Can you please explain the difference among “tradable assets”, “investable assets” and “risky assets”? I googled these terms, but I couldn’t find anything. I would appreciate any help.

Thanks in advance.

I should think that tradable assets and investible assets are synonymous.

Risky assets are any assets other than the risk-free asset; i.e., any assets with a nonzero standard deviation of returns.

S2000magician,

Thank you so much for your response. Shouldn’t investable or tradable assets also be risky? Moreover, risky assets should also be tradable or investible. Isn’t it? Can you please elaborate a bit? This is a bit confusing.

Thanks in advance.

I think tradeable assets are those which are traded for short term trading purpose. And investible assets stay invested for long term . Risky assets as earlier said they have non zero standard deviation of returns. Risky assets may fall in any category like investing assets or tradeable assets .

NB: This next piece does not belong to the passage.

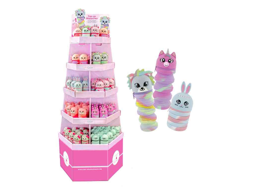 Die praktische Pop-Up-Funktion macht das Etui besonders vielseitig: Geschlossen dient es als klassisches Stifteetui für Schule oder unterwegs. Wird das Mäppchen nach unten gedrückt, fährt der obere Teil nach oben und verwandelt sich in einen praktischen Stiftehalter, sodass Stifte schnell griffbereit sind.

You can invest in and trade the risk-free asset (at least, in theory; in practice, we use things like Treasuries as proxies for risk-free assets: they’re close).

Thank you S2000magician for your response. I am a bit lost here. If I understand your post correctly, every risky asset (necessary condition) is tradeable/investable (sufficient condition). Similarly, if an asset is tradeable or investable (necessary), its risk should be ascertained (sufficient). So there is bi-directional relationship between these “risky” and “tradeable/investable” thing.

Is my understanding correct? I have to be honest: I am a bit lost.

Thanks in advance for your help.

An investable asset isn’t necessarily tradable. One can invest in a private company but it isn’t tradable on an exchange and is considered illiquiid. A tradable asset is liquid and can be easily liquidated,.

Depending on the market there can also be restrictions on investment so while tradable for a local investor, there are restrictions on ownership limitting the ownership of foreign investors so while technically tradable it is not investable to foreign investors.

This is why index providers have local and foreign versions of their indices that take these restrictions into account.

Think they actually covered this distinction best in Level 3 (back when) when discussing indexing and how to define an index as needing to be observable, investable and tradable.

Both investible and tradeable asset can be risky and fall under the non zero standard deviation of returns . It all depends upon how frequently you trade in a particular asset . If you trade very frequently in the short run it is called tradeable asset otherwise if you invest for long term It is called investible asset.